In the above code, 64-bit registers d0-d15 are used to hold a $4 \times 4$ sub-matrix of $C$:

$$
\begin{bmatrix}
d0 & d4 & d8 & d12 \\
d1 & d5 & d9 & d13 \\
d2 & d6 & d10 & d14 \\
d3 & d7 & d11 & d15
\end{bmatrix}
\leftarrow
\begin{bmatrix}
c00 & c01 & c02 & c03 \\
c10 & c11 & c12 & c13 \\
c20 & c21 & c22 & c23 \\
c30 & c31 & c32 & c33
\end{bmatrix}
$$

while registers d16-d23 are used to hold vectors from $A$ and $B$ matrices:

$$
\begin{bmatrix}
d16 \\
d17 \\
d18 \\
d19
\end{bmatrix}
\leftarrow
\begin{bmatrix}
a0_k \\
a1_k \\
a2_k \\
a3_k
\end{bmatrix},
\begin{bmatrix}
d20 \\
d21 \\
d22 \\
d23
\end{bmatrix}
\leftarrow
\begin{bmatrix}
b0_k \\
b1_k \\
b2_k \\
b3_k
\end{bmatrix},
$$

while at the following iteration over $k$ the registers d24-d31 are used instead.

A performance test shows that the best performance is obtained for data fitting L1 cache: this hints at the fact that hardware prefetch is not implemented. If software prefetch is employed, the high-performance is attained also for data fitting in L2 cache.

The large number of registers and the multiply-accumulate instruction makes the optimization for this kernel easy.
5.3.1.2 \texttt{sgemm}

In single-precision, it is possible to choose between two FP units: VFP and NEON. The former is a scalar unit (despite the name) and is fully IEEE compliant; the latter is a vector unit that can perform some integer and floating-point instruction (but e.g. no divisions nor square root) but it is not fully IEEE compliant (e.g. it only supports round-to-nearest and always flushes denormals to zero). This is not an issue in case of MPC, thus the higher-performing vector NEON unit is preferred.

The NEON instruction set supports a set of 32 double-word (or 64-bit) registers (d0-d31), that can be seen as 16 quad-word (or 128-bit) registers (q0-q15). The lower 16 double-word registers can be seen as 32 single-word (or 32-bit) registers (s0-s31) and accessed individually. All instructions are flexible and can operate on vectors of 1, 2 or 4 packed single-precision FP numbers, corresponding to the s, d, or q registers. This means e.g. that it is possible to operate on the high double-word of a quad-word register, or on all single words of a quad-word register in the set q0-q7. This flexibility makes the code optimization much easier than in the x86 architecture, where only the lower element or the whole vector can be accessed and shuffle and permute instructions must be heavily employed.

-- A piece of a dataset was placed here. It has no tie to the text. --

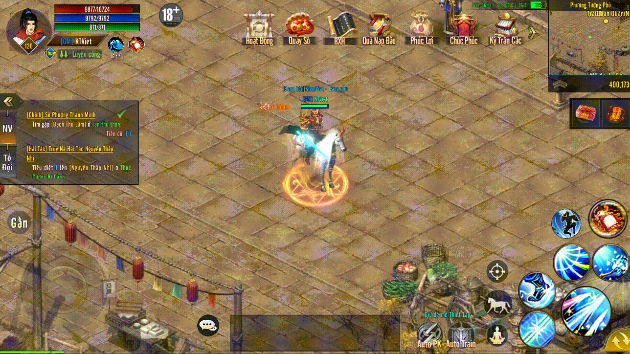 | 2 | x10500 Tiền Du Long x500v Bạc Khoá x80v Đồng Khoá x3 Hoá Hình Phi Phong Vô Song (Không Khoá) x1 SKILL <Kỳ Việt Truyền Kiếm> Level 4 (Vĩnh Viễn – có kèm Vòng Sáng)x1 Danh Hiệu Võ Lâm Thành Chủ (Vĩnh Viễn) Lưu ý : Kỹ Năng yêu cầu tài phú trên 200.000 điểm có thể nhận Lưu ý Đặc Biệt : 200.000 Điểm tính hợp lệ nhận vòng sáng khi Chốt TOP, sau chốt TOP dù bạn được 200.000 điểm vẫn không có vòng sáng! |

In the implementation of the \texttt{sgemm} kernel, out of the 16 quad-word registers, 8 can be used as accumulation registers to hold a $8 \times 4$ sub-matrix of $C$. Thus a $8 \times 4$ kernel is used, with panel height $b_s = 4$. Of the remaining 8 registers, 3 are enough to hold two 4-wide vectors from matrix $A$ and 4-wide vector from matrix $B$ needed at an iteration over $k$, and thus 6 registers can be used to aggressively prefetch the vectors from $A$ and $B$ needed for two consecutive $k$ iterations.

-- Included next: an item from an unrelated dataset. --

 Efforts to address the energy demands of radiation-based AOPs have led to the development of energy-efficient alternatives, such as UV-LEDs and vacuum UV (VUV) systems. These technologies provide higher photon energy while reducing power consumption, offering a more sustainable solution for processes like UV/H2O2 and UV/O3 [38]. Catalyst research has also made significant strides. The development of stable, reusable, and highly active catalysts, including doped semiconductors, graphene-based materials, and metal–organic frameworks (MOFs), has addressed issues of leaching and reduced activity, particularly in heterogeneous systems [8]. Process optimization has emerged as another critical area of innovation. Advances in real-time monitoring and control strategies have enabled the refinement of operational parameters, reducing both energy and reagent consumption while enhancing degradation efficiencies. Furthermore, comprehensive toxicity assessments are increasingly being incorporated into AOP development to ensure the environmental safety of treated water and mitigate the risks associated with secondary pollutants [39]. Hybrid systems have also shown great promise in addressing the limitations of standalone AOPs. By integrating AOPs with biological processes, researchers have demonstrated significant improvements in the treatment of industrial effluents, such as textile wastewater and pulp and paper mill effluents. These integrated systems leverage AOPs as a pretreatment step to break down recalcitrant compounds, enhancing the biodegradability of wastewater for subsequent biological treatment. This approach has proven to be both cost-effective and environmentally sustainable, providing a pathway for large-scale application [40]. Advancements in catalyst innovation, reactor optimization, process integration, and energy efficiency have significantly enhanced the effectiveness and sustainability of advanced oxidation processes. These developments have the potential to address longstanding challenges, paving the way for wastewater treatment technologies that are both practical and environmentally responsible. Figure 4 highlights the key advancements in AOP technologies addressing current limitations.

The NEON version implemented in the Cortex A9 supports multiply-accumulate instruction, but not fused-multiply-accumulate instruction. The multiply-accumulate instruction is given in two variants, a vector-times-vector one (where all elements of two registers are multiplied element-wise, and then added element-wise to the accumulation register), and a vector-times-scalar one (where all elements of a register are multiplied by a single element on a scalar register, and then added element-wise to all elements of the accumulation register). This instruction is rather powerful, and can be seen as the combination of a shuffle, a multiplication and an addition in the x86 SSE instruction set.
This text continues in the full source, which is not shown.